*** Data below Section Begins ***

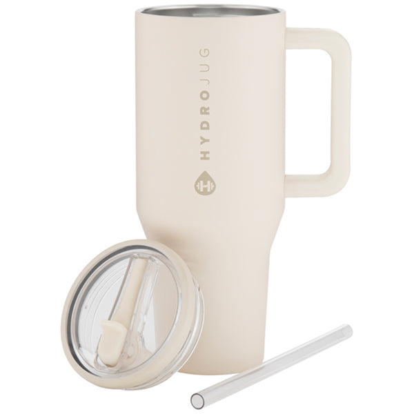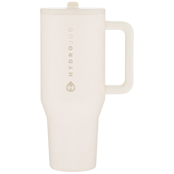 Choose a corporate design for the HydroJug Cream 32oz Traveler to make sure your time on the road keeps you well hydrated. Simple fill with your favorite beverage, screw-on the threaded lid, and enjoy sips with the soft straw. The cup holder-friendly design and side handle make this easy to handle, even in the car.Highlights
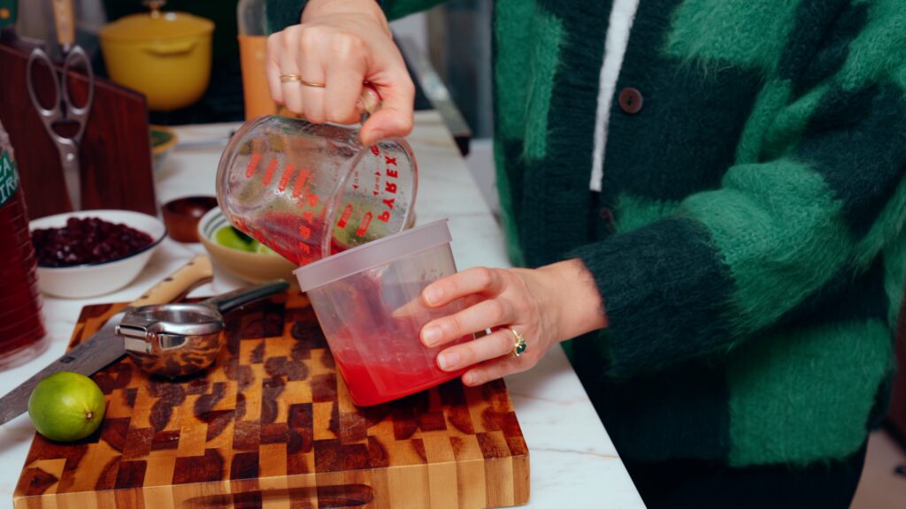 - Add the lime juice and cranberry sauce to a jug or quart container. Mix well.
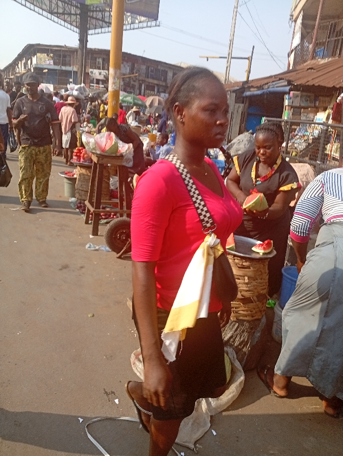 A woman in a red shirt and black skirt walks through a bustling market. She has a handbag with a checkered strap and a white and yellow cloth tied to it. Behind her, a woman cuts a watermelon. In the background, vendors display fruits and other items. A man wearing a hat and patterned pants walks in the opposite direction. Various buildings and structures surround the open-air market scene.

*** Data below Section Ends ***

**Work item:** Give an exact copy of the data, and omit any pictures it holds.

**Your response:**
 Choose a corporate design for the HydroJug Cream 32oz Traveler to make sure your time on the road keeps you well hydrated. Simple fill with your favorite beverage, screw-on the threaded lid, and enjoy sips with the soft straw. The cup holder-friendly design and side handle make this easy to handle, even in the car.Highlights
 - Add the lime juice and cranberry sauce to a jug or quart container. Mix well.
 A woman in a red shirt and black skirt walks through a bustling market. She has a handbag with a checkered strap and a white and yellow cloth tied to it. Behind her, a woman cuts a watermelon. In the background, vendors display fruits and other items. A man wearing a hat and patterned pants walks in the opposite direction. Various buildings and structures surround the open-air market scene.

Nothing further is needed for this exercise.